There is a buffer in memory that can be accessed — for either reading or writing — by both the CPU and the peripheral device, and either side can access the buffer at will. Some systems actually work this way but, in most others, various complications come into play. For example, there is almost certainly a set of caches between the CPU and the memory buffer. If the CPU writes data to the buffer with the intent of transferring it to the device, that data may be resident in the cache for some time before being flushed to main memory. If the device is instructed to read the data from the buffer, it may not see the data in cache, resulting in incorrect (corrupted) data being written to the device.

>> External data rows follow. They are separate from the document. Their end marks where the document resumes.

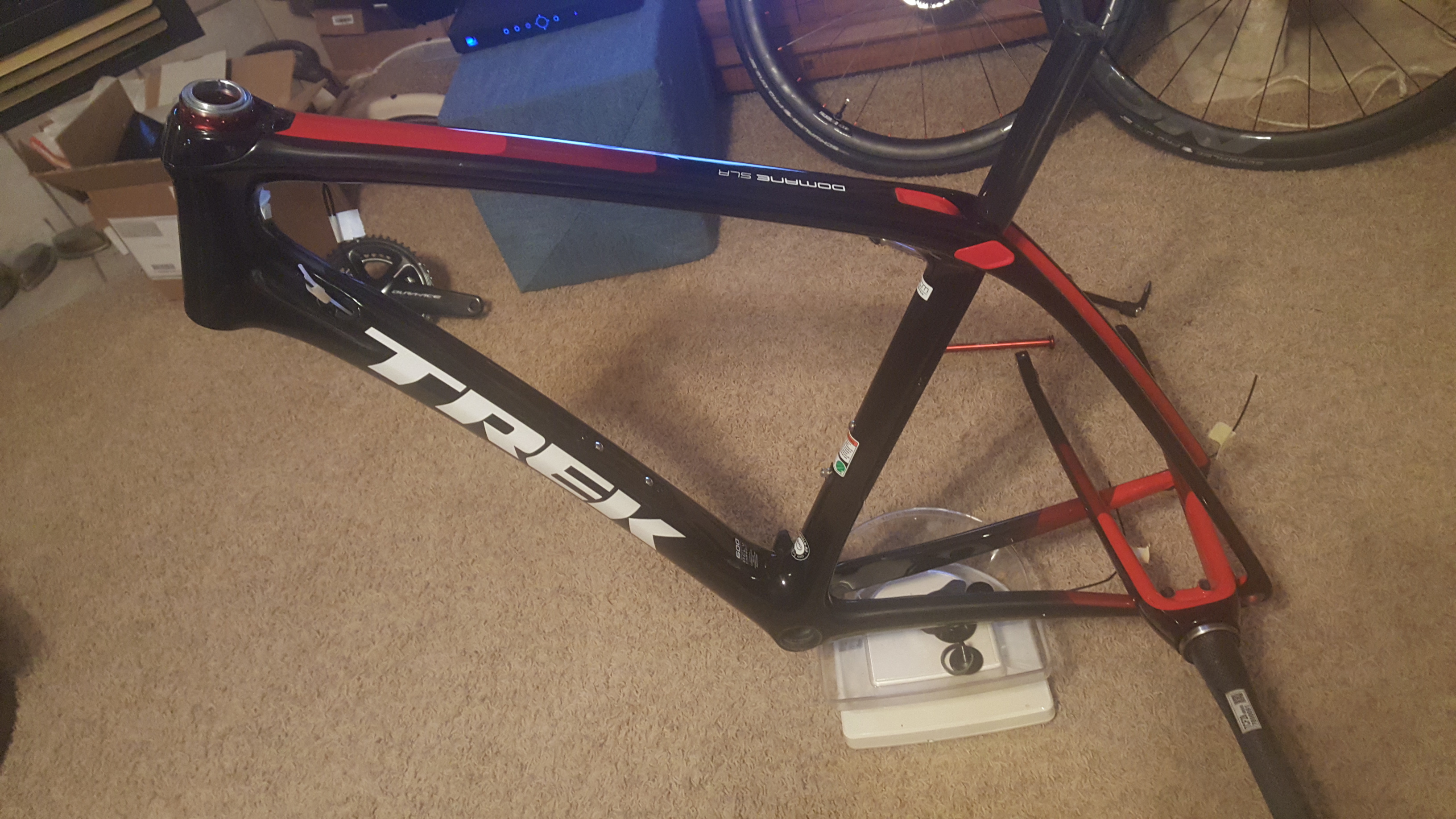 Been collecting parts for new road bike. Finally got the big part. 2018 Trek Domane SLR Disc frame and fork. All I have left to get is some Di2 wiring, junctions and battery. Frame and fork and headset is listed as 1900 grams for a 56cm on web. Quite surprised to see it weigh just 1740 wonder if they lightened it for 2018 and never updated the info.
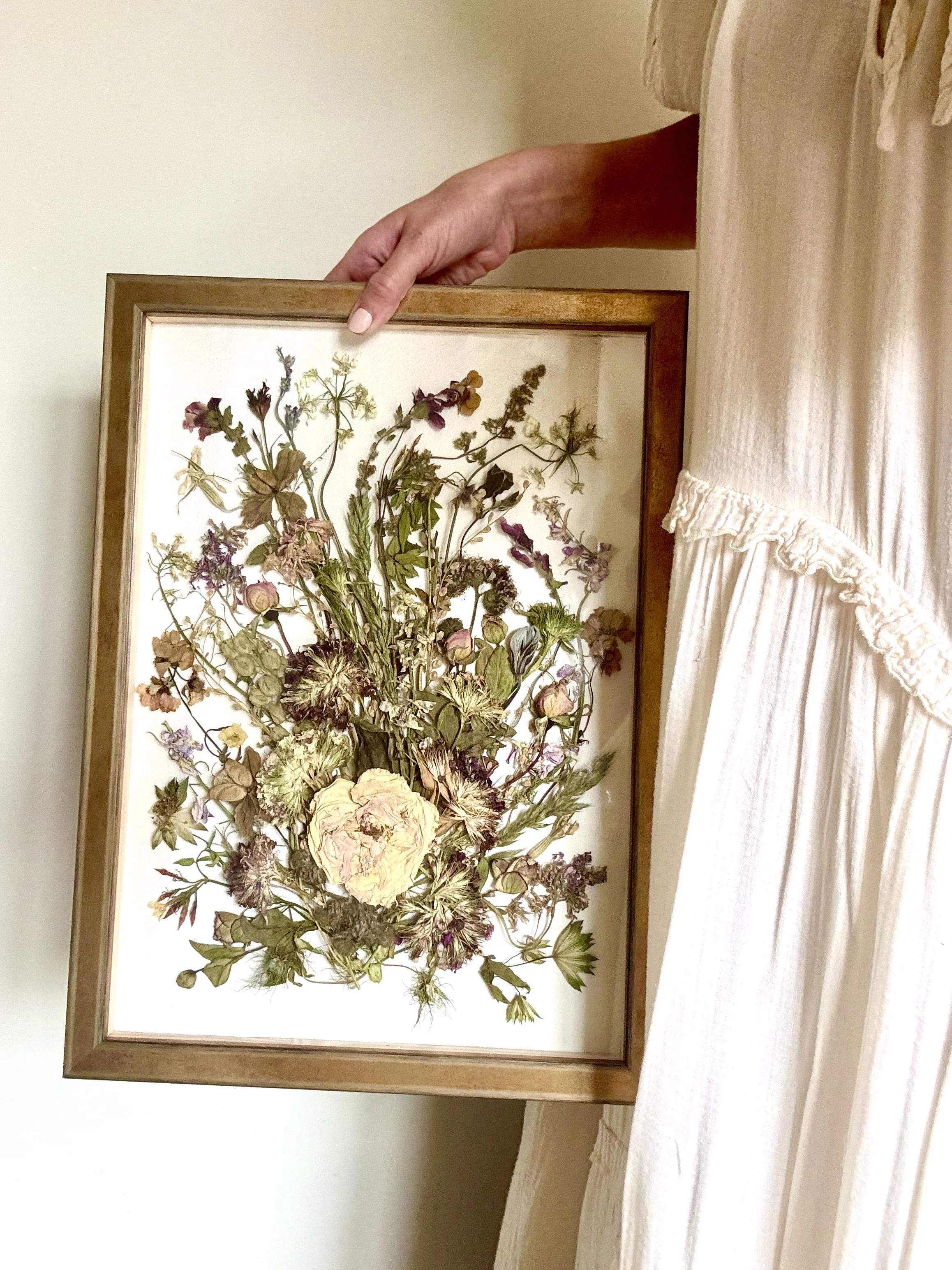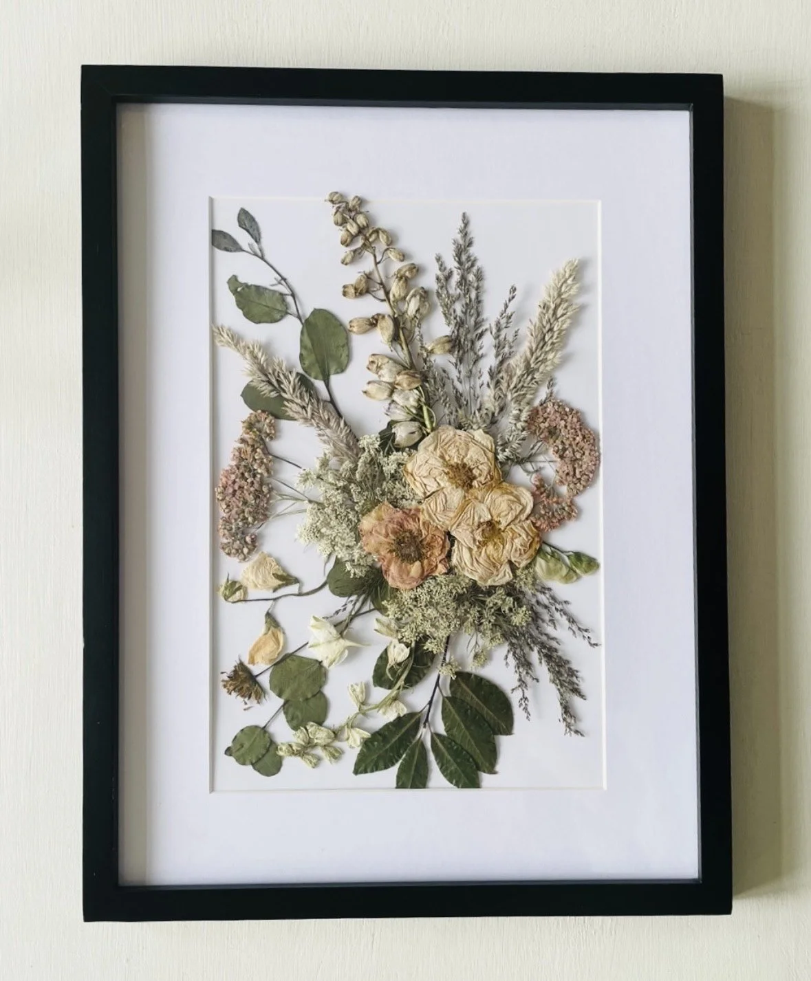 At The Flower Press Shed, every piece is designed with care and attention to detail, ensuring your pressed floral artwork reflects the natural beauty of your bouquet.
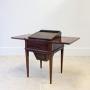 Very good antique condition, with a gentle patina and some wear to the leather writing surface consistent with age and use. Below, an additional pull-out storage compartment with a leather-covered lid, with age-related wear to the interior, retained in original condition. Structurally sound, clean and ready to place.
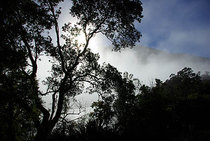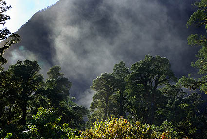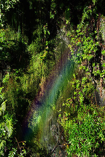 fait s'évaporer l'eau des feuilles, couvrant les forêts de brume même en plein midi, et faisant jaillir des arcs-en-ciel.
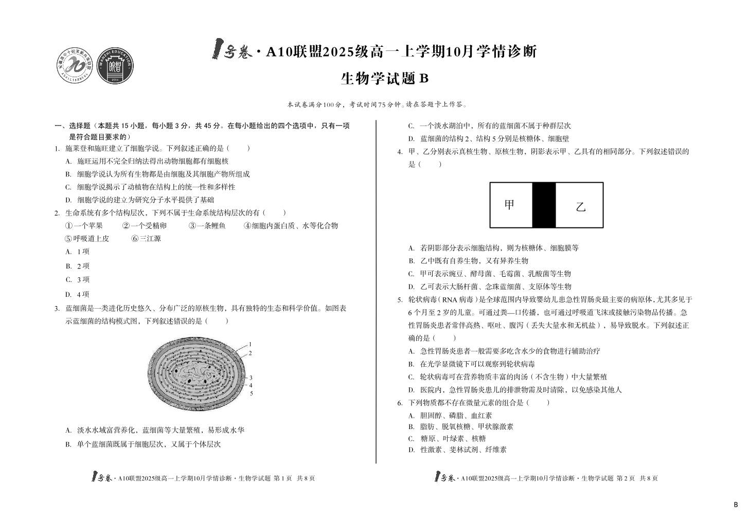 高一生物B--安徽省1号卷·A10联盟2025-2026学年高一上学期10月学情诊断

Similarly, on many architectures, the CPU cache may be entirely unaware of data written to the DMA buffer by the device. If the CPU tries to read that data, it could instead get stale data from the cache, once again resulting in corrupted data. Long experience in the kernel-development community has shown that users have a certain tendency to become irate when that happens.

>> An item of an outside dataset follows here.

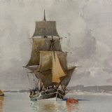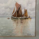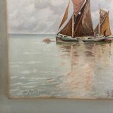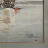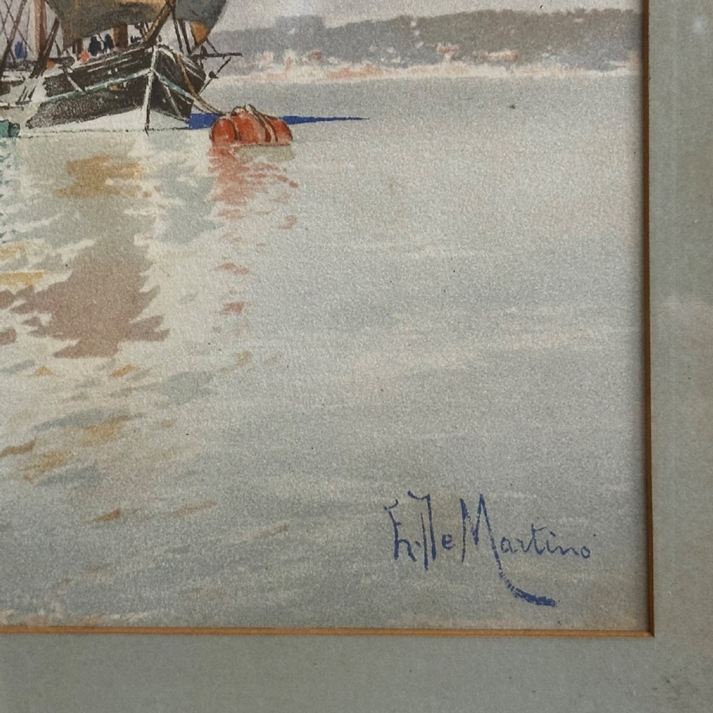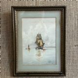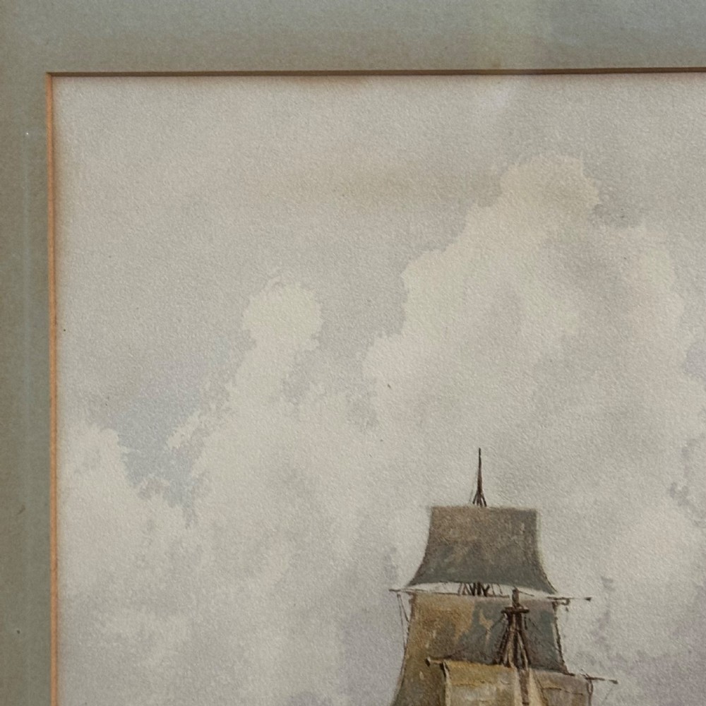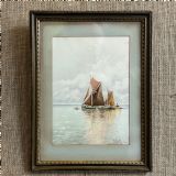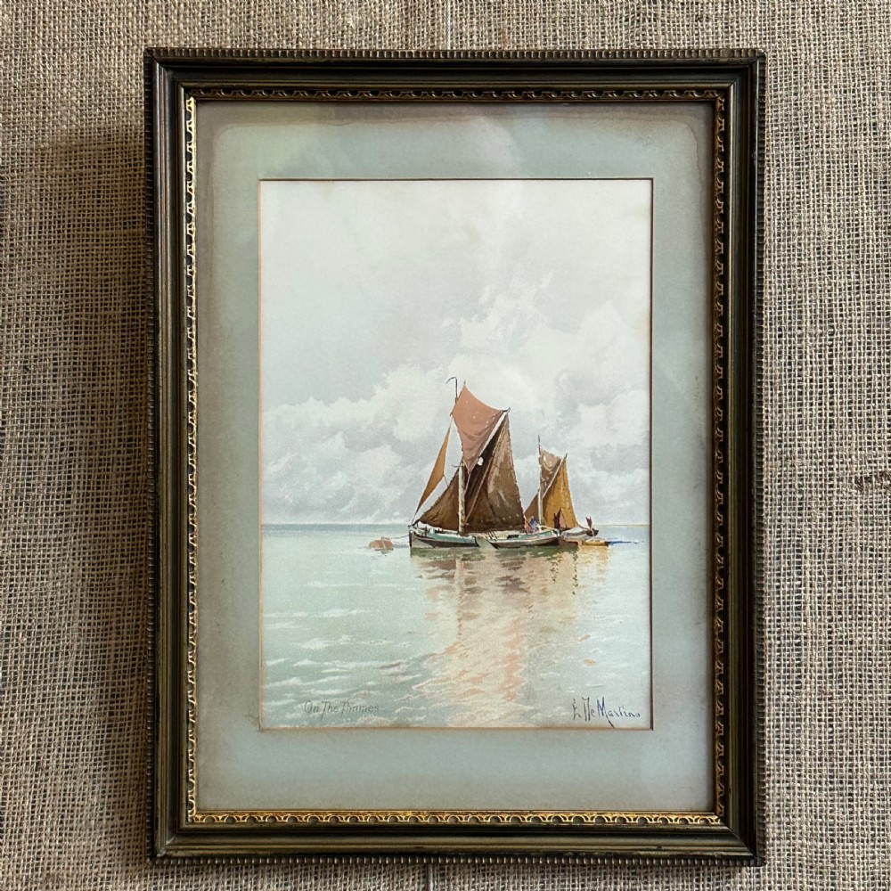 Antique Pair of Elle Martino Framed Prints Depicting Sailing Boats on Thames and Gravesend

Ownership, direction, and bounce buffers
The kernel's DMA-support layer has grown a set of mechanisms designed to prevent data corruption and the unhappiness that follows from it. In particular, the DMA API can avoid the pitfalls that come with systems that are not cache-coherent — where copies of data in different locations may not be synchronized with each other. When dealing with non-cache-coherent (or "streaming") mappings, driver code must keep track of two important attributes: the ownership of the buffer and the direction that the data is moving. Ownership describes which side (the CPU or the device) is able to access the buffer at any given time; while data direction describes what the owner will be doing with the buffer. There are two functions (among others) that manage these attributes for a given DMA buffer:
void dma_sync_single_for_device(struct device *dev, dma_addr_t addr, size_t size, enum dma_data_direction dir); void dma_sync_single_for_cpu(struct device *dev, dma_addr_t addr, size_t size, enum dma_data_direction dir);
When a DMA buffer is first mapped, the ownership belongs to the CPU. A call to dma_sync_single_for_device() sets the ownership to the device, while dma_sync_single_for_cpu() brings the ownership back to the CPU. The dir argument to both functions describes the direction that data is moving; it is one of DMA_NONE, DMA_TO_DEVICE, DMA_FROM_DEVICE, or DMA_BIDIRECTIONAL. Note that terms like "read" and "write" are not used here, since in almost any DMA transaction one side is reading from the buffer while the other is writing to it.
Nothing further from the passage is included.